Look, even Arsenal’s Denilson has gotten red carded himself in the past. His tackle on Burnblack’s David Dunn is quite as bad and nothing less than he deserved. I’m being fair here in saying that such rough, crazy streak of masculine aggression is better off stowed and controlled rather than exploded on the pitch and hurting all other footballers who don’t deserve this. It’s not just about the Arsenal – it’s about football. Remember that Marco van Basten prematurely ended his career because of the nagging, ankle injury which came, no doubt as a result of the many abuses his legs have had to endure courtesy of opposing defenders.
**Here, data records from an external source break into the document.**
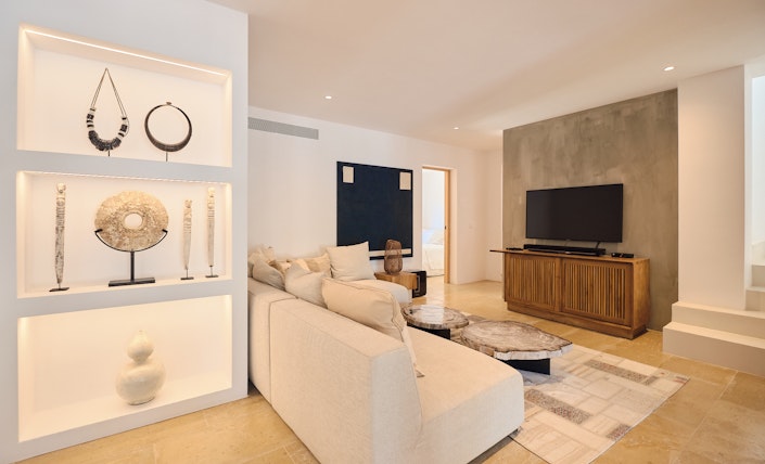 Located near San Josep on Ibiza's stunning west coast, this immaculate modern rustic villa offers a secluded retreat surrounded by lush mountains. Just minutes from the charming village of San Josep, where you’ll find supermarkets, ...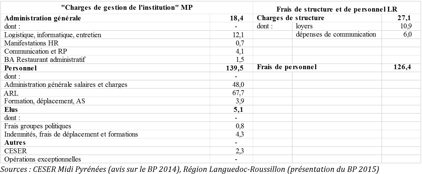 Celles-ci représentent 3,7 M€. Rapportée à la masse salariale des deux régions, elles représentent 1,4 % des salaires et charges des employés des deux Conseils régionaux, et pourraient être obtenues au moyen de non renouvellements de départs à la retraite, par exemple.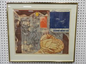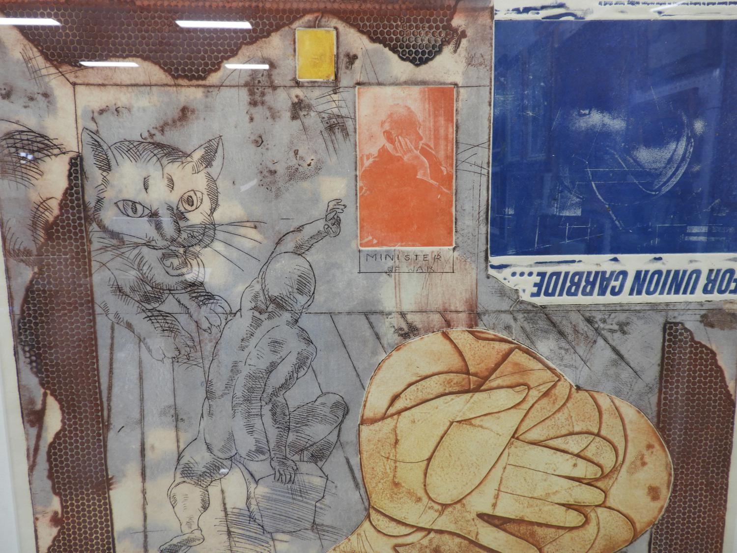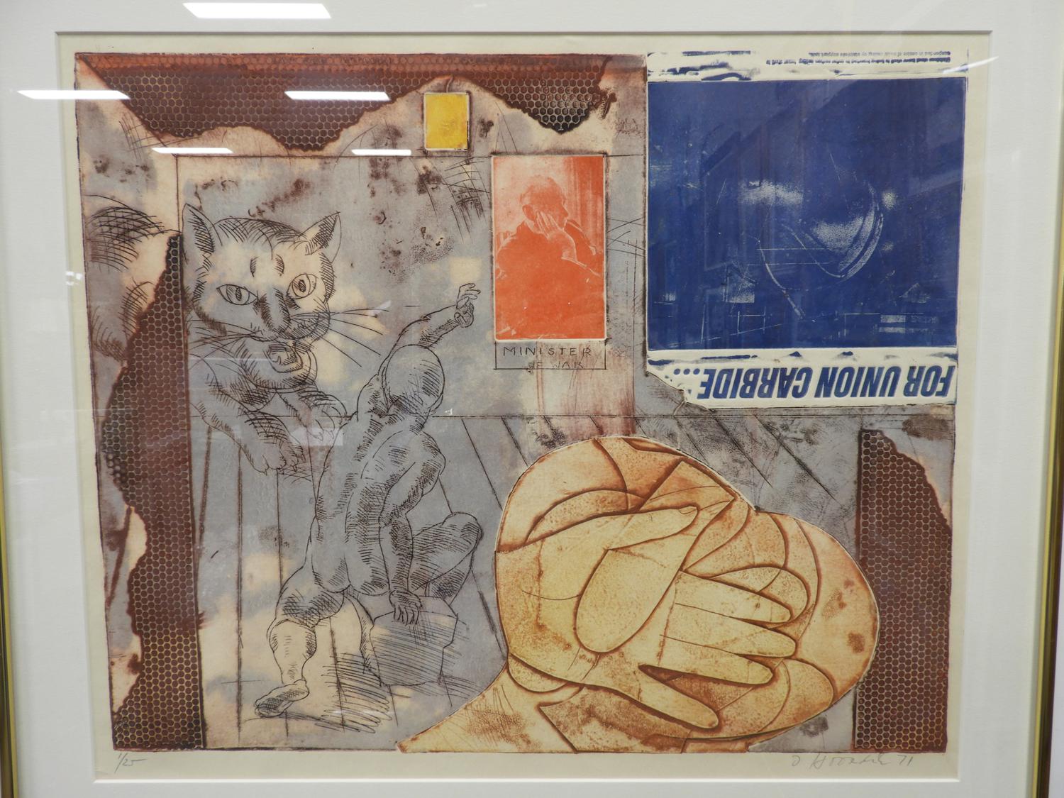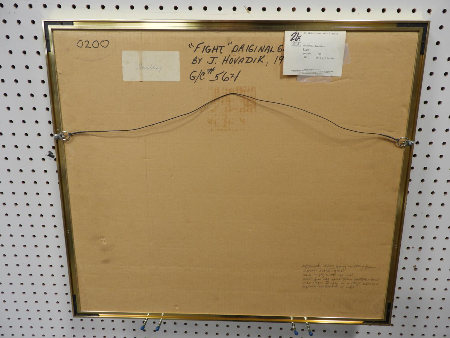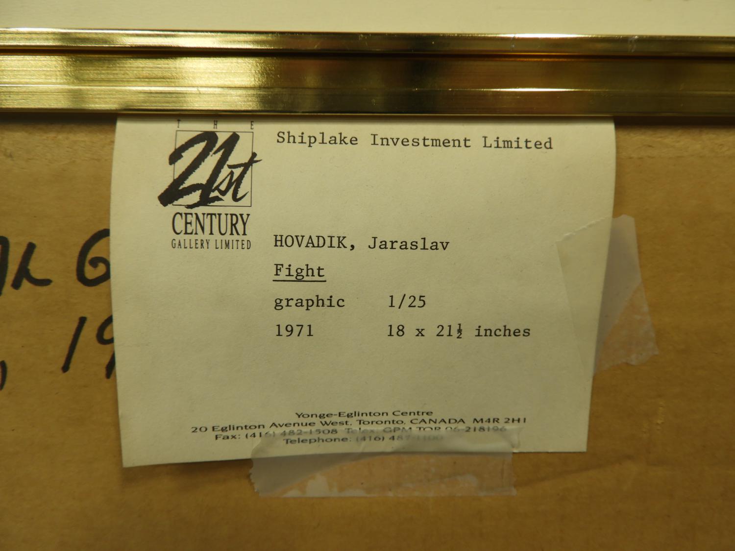 jaroslav hovadik (1935-2011), mixed media print d.1971, 1/25, 18" x 22", "fight"

Even Michael Owen has had persistent injuries which prevented him from maintaining the best sort of form and Ronaldo Luis Nazario de Lima (known as the first Ronaldo) is one footballer I’d really mark as the one of the best finishers of the late 90s and has suffered career-threatening injuries no thanks to opposing defenders who lacked common sense and talent to keep up with him. Do we need to waste all of these talents even though I’m fully aware that these are now players who can be called as ‘past it’?

I’d maintain this – Birmingham City FC’s Martin Taylor has got to be banned for life from playing football ever and let this be a lesson for all to follow, lest the beautiful game be further tarnished. I’d think that a mitigated ban of 6 years is also quite as good and he can start to think of playing for Accrington Stanley then.